_What this task involves:_
Where an image occurs, skip it and print the rest of the records verbatim.
====== Data ======
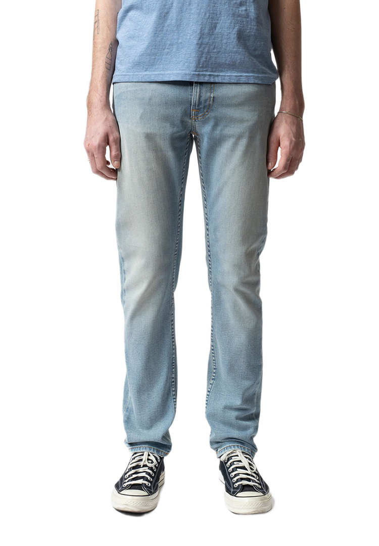 กางเกงยีนส์ทรง Slim Tapered Fit ช่วงบนเข้ารูปแบบไม่รัดมาก แล้วแคบลงช่วงเข่าถึงปลายขา เป้าหน้าเป็นซิป รุ่นนี้ผลิตด้วยผ้า Comfort stretch denim น้ำหนัก 12.5oz ซึ่งมีส่วนผสมของ Organic cotton 99% ร่วมกับเส้นใยผ้ายืด Elastane 1% ช่วยเพิ่มความยืดหยุ่นใส่สบายและกระชับ ผ่านการฟอกมาในโทนสีฟ้าอ่อนสไตล์ Bright wash, Sun bleach ที่ดูอบอุ่น เป็นอีกสไตล์ที่นำไปแมทช์การแต่งตัวได้สนุกหลากหลาย
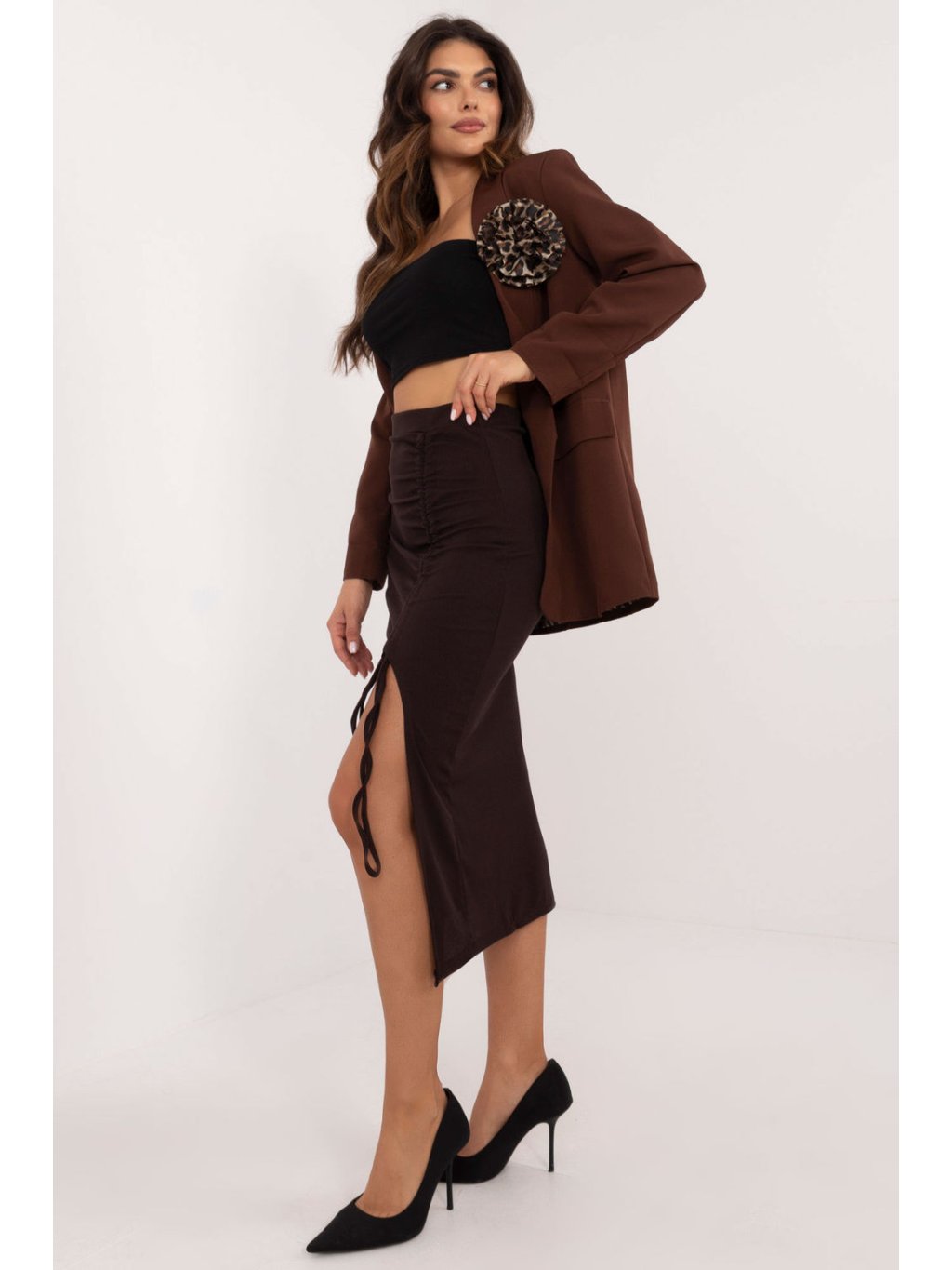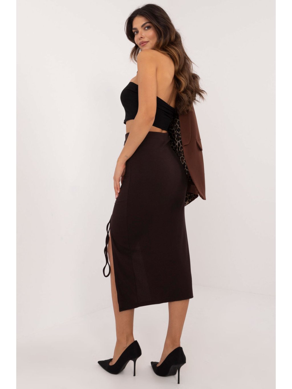 Tužková midi sukně z žebrovaného materiálu, ideální pro každodenní vycházky a neformální události. Je vyrobena z vysoce kvalitního polyesteru a dokonale se přizpůsobí siluetě, takže působí pohodlně a elegantně. Hladký vzor podtrhuje její všestrannost, zatímco řasení vpředu s nastavitelným rozparkem jí dodává charakter a ženský šarm. Díky absenci zapínání se sukně pohodlně nosí a snadno obléká. Je ideální volbou pro ženy, které ocení módní vzhled a zároveň si zachovají pohodlí pro každodenní nošení i na různé události.
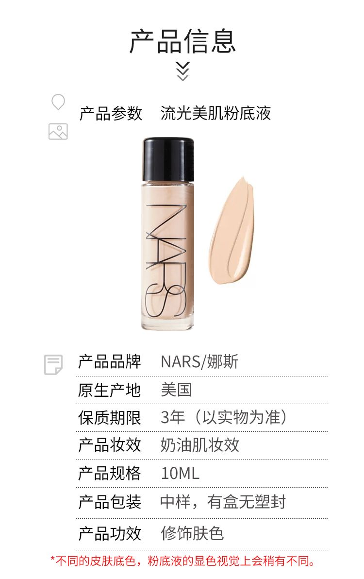 【预售 急单慎拍】NARS纳斯流光美肌超方瓶粉底液10ml
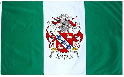 Carnero Family Crest Flag / Coat of Arms Flag. You will receive a high quality 3' x 5' Polyester flag with two brass grommets. Proudly display your family heritage with this flag, or hang as a banner on a wall. Our flags make great gifts for birthdays, weddings, anniversaries, fathers day, mothers day, groomsmen gifts, and any other occasion
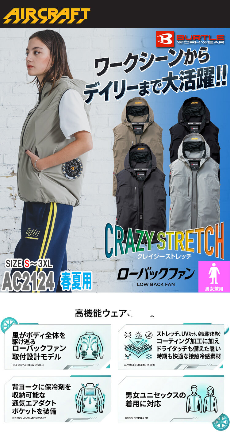 | 製品名: | バートル BURTLE エアークラフト ベスト(ファンなし) AC2124 ローバック AIRCRAFT |
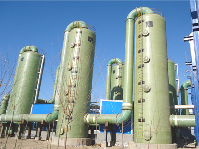 玻璃钢吸收塔采用阻燃性乙烯基不饱合树酯为基体,以无碱无捻玻璃纤维为增强材料,通过数道生产工艺制作而成。外部采用耐老化阻燃型聚酯树脂;外部采用耐老化阻燃型聚酯树脂,是园形重叠式分段组装结构形式。本公司生的玻璃钢吸收塔具有强度高,结构简单,制作方便,占地面积小,净化效率高等优点,达到了国家标准,该塔是一种新型的净化装置,它采用玻璃钢为主要材料。
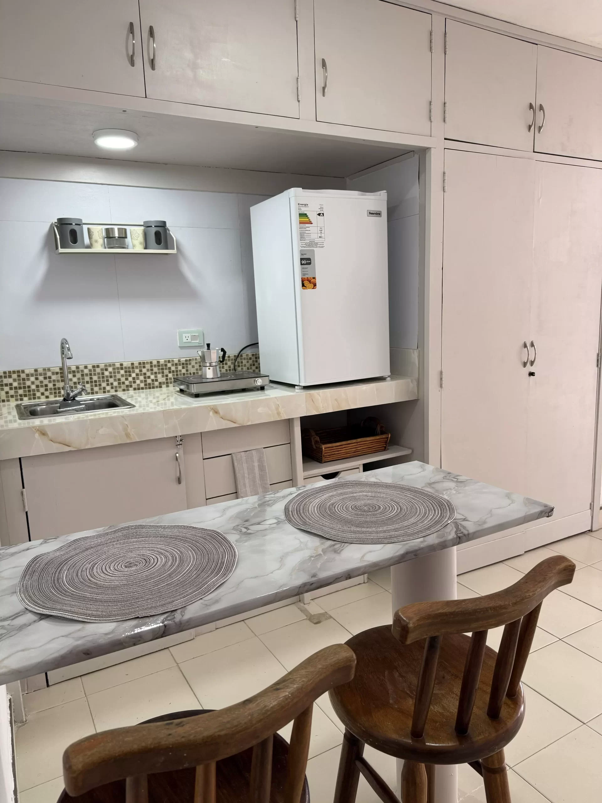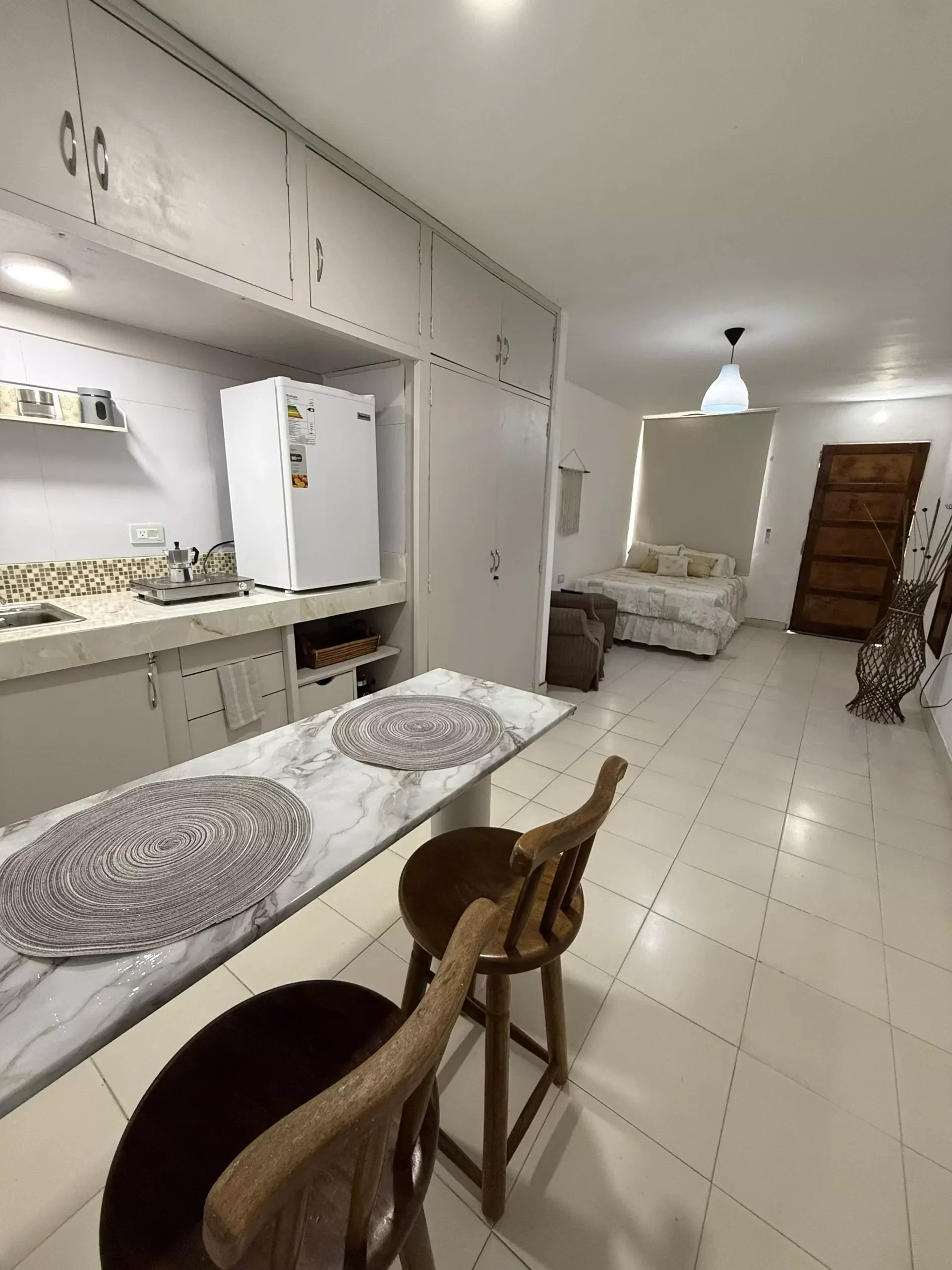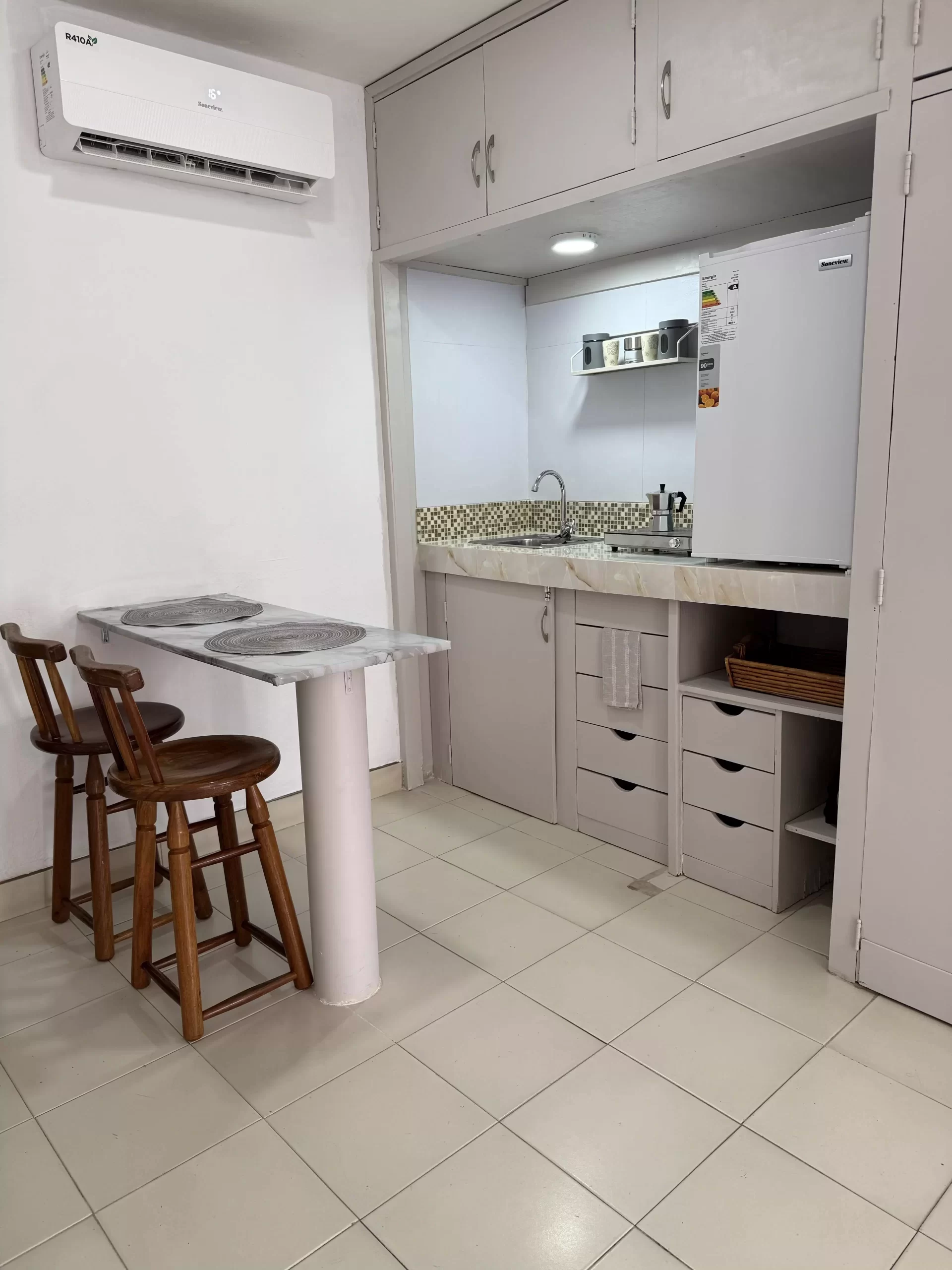 - Cocina funcional: Equipada con una hornilla, nevera, e implementos de cocina esenciales para preparar tus comidas con comodidad.
======
_Response to the exercise:_
 กางเกงยีนส์ทรง Slim Tapered Fit ช่วงบนเข้ารูปแบบไม่รัดมาก แล้วแคบลงช่วงเข่าถึงปลายขา เป้าหน้าเป็นซิป รุ่นนี้ผลิตด้วยผ้า Comfort stretch denim น้ำหนัก 12.5oz ซึ่งมีส่วนผสมของ Organic cotton 99% ร่วมกับเส้นใยผ้ายืด Elastane 1% ช่วยเพิ่มความยืดหยุ่นใส่สบายและกระชับ ผ่านการฟอกมาในโทนสีฟ้าอ่อนสไตล์ Bright wash, Sun bleach ที่ดูอบอุ่น เป็นอีกสไตล์ที่นำไปแมทช์การแต่งตัวได้สนุกหลากหลาย
 Tužková midi sukně z žebrovaného materiálu, ideální pro každodenní vycházky a neformální události. Je vyrobena z vysoce kvalitního polyesteru a dokonale se přizpůsobí siluetě, takže působí pohodlně a elegantně. Hladký vzor podtrhuje její všestrannost, zatímco řasení vpředu s nastavitelným rozparkem jí dodává charakter a ženský šarm. Díky absenci zapínání se sukně pohodlně nosí a snadno obléká. Je ideální volbou pro ženy, které ocení módní vzhled a zároveň si zachovají pohodlí pro každodenní nošení i na různé události.
 【预售 急单慎拍】NARS纳斯流光美肌超方瓶粉底液10ml
 Carnero Family Crest Flag / Coat of Arms Flag. You will receive a high quality 3' x 5' Polyester flag with two brass grommets. Proudly display your family heritage with this flag, or hang as a banner on a wall. Our flags make great gifts for birthdays, weddings, anniversaries, fathers day, mothers day, groomsmen gifts, and any other occasion
 | 製品名: | バートル BURTLE エアークラフト ベスト(ファンなし) AC2124 ローバック AIRCRAFT |
 玻璃钢吸收塔采用阻燃性乙烯基不饱合树酯为基体,以无碱无捻玻璃纤维为增强材料,通过数道生产工艺制作而成。外部采用耐老化阻燃型聚酯树脂;外部采用耐老化阻燃型聚酯树脂,是园形重叠式分段组装结构形式。本公司生的玻璃钢吸收塔具有强度高,结构简单,制作方便,占地面积小,净化效率高等优点,达到了国家标准,该塔是一种新型的净化装置,它采用玻璃钢为主要材料。
 - Cocina funcional: Equipada con una hornilla, nevera, e implementos de cocina esenciales para preparar tus comidas con comodidad.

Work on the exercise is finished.